Jan van Eyck, follower of
The Virgin and Child
Oil on panel. 81 x 65 cm.
The composition is taken from the famous Van der Paele Altarpiece painted by Jan van Eyck in 1436 for the Saint Donatian church in Bruges (Groeningemuseum, inv. 0.161). Here however, only the Virgin and Child are represented within a setting that has been adapted to the Renaissance style, which was in favour at the time of the panel's execution in the early sixteenth century.
The Madonna is presented in a full frontal view sitting before a brocade canopy. She wears a red cloak hemmed with jewels over a blue dress equally adorned with precious stones. The Child is laying on a white cloth on Her lap holding a parrot with His right hand and offering a small bouquet of flowers to His Mother with the other one. Two elegant pillars decorated with Renaissance ornaments are displayed on a balustrade in front of the figures.
The colours of the present panel correspond closely to the model, up to the smallest detail, indicating that the painter must have worked directly after Van Eyck's original. Moreover, examination under infrared reflectography reveals an abundant underdrawing which testify to a free copying technique without the use of any transfer method.
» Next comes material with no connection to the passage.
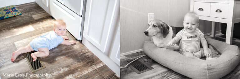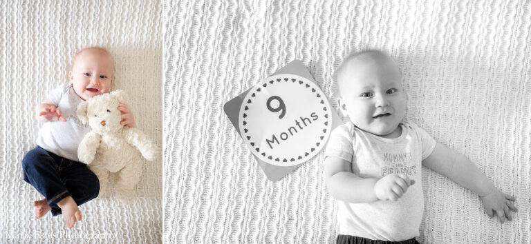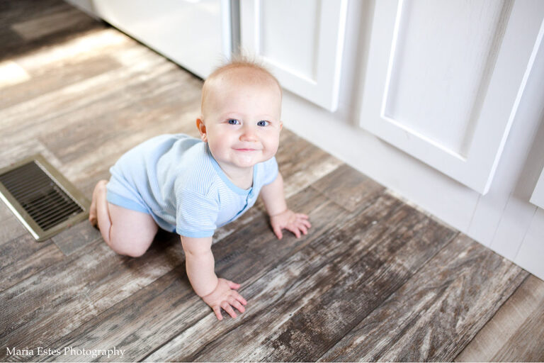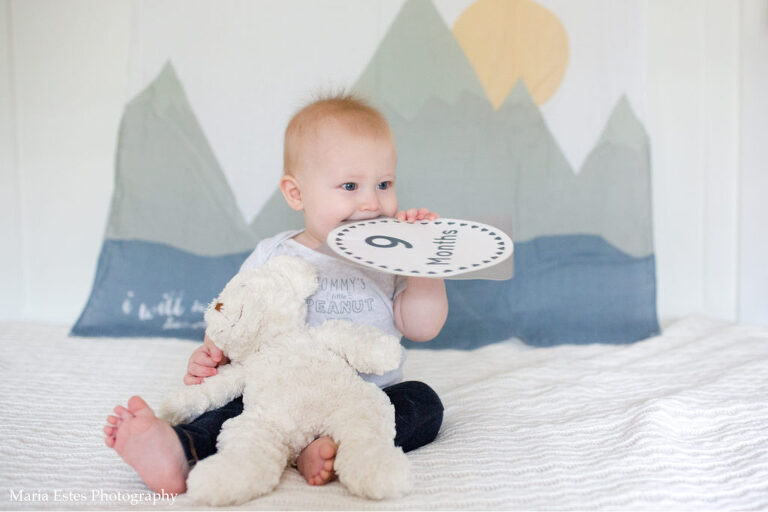 This month has been a lot of fun. Benjamin continues to learn new things everyday (it feels like it anyway), and explore the world around him. Crawling around the house seeing what there is to see is probably his favorite activity! He’s taken several steps while holding onto our hands, and one of my favorite videos this month is of him walking with Stephen. He’s holding a white bear in one hand and keeps dropping it. Every time he stops walking, stoops to pick up the bear, and then keeps going. It’s so cute! And it’s extra special because that bear was his great-grandmother’s at the end of her life. He never got to meet her, so it’s so special to me that he gets to love the same bear she loved! All that is to explain why I decided to include the bear in a few of the photos this month =)
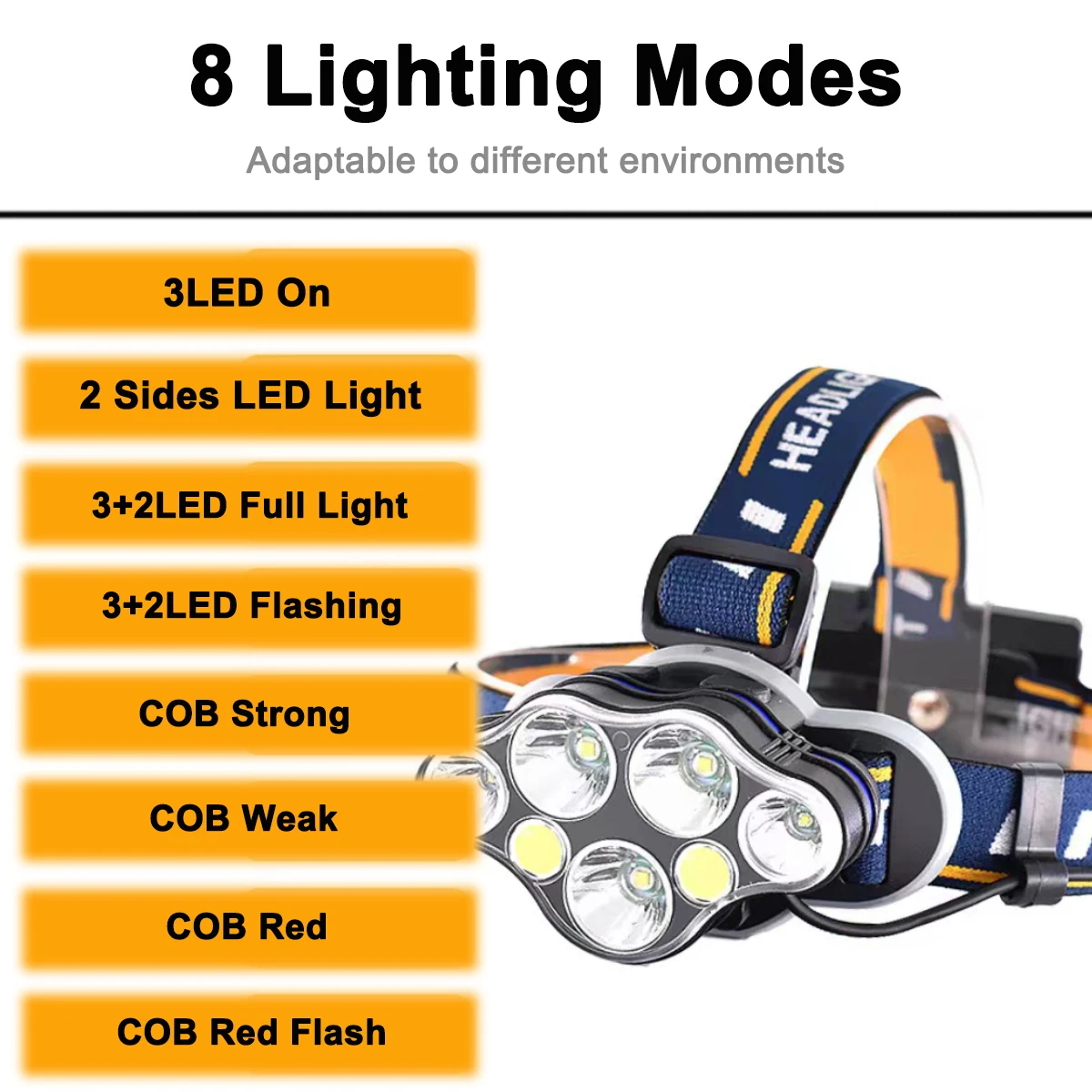 Mode: Middle 3LED bright – Both sides LED bright – 3LED+2LED bright – 3LED+2LED flash – COB white light strong – COB white light weak – C0B red light – COB red light flash

While the young infant Christ's face is fairly close to its 15th century model, the Virgin's features are much less hieratic, and Her head has a more round and less angular shape. Some details, like the parrot's much longer tail, are the copyist's own invention.
The group of the Virgin and Child was much appreciated in the first quarter of the 16th century during the "Van Eyck revival". Many Bruges painters like Adriaen Isenbrant, Ambrosius Benson, Jan Provost and other anonymous painters have produced similar versions. The composition reduced to the two holy figures indicate that at that time they were used for private devotion.
Dated on stylistic grounds to around 1510 by Max Friendländer in 1924, this has recently been confirmed by a dendrochronological analysis, meaning that the present panel must be one of the earliest of its kind preserved today.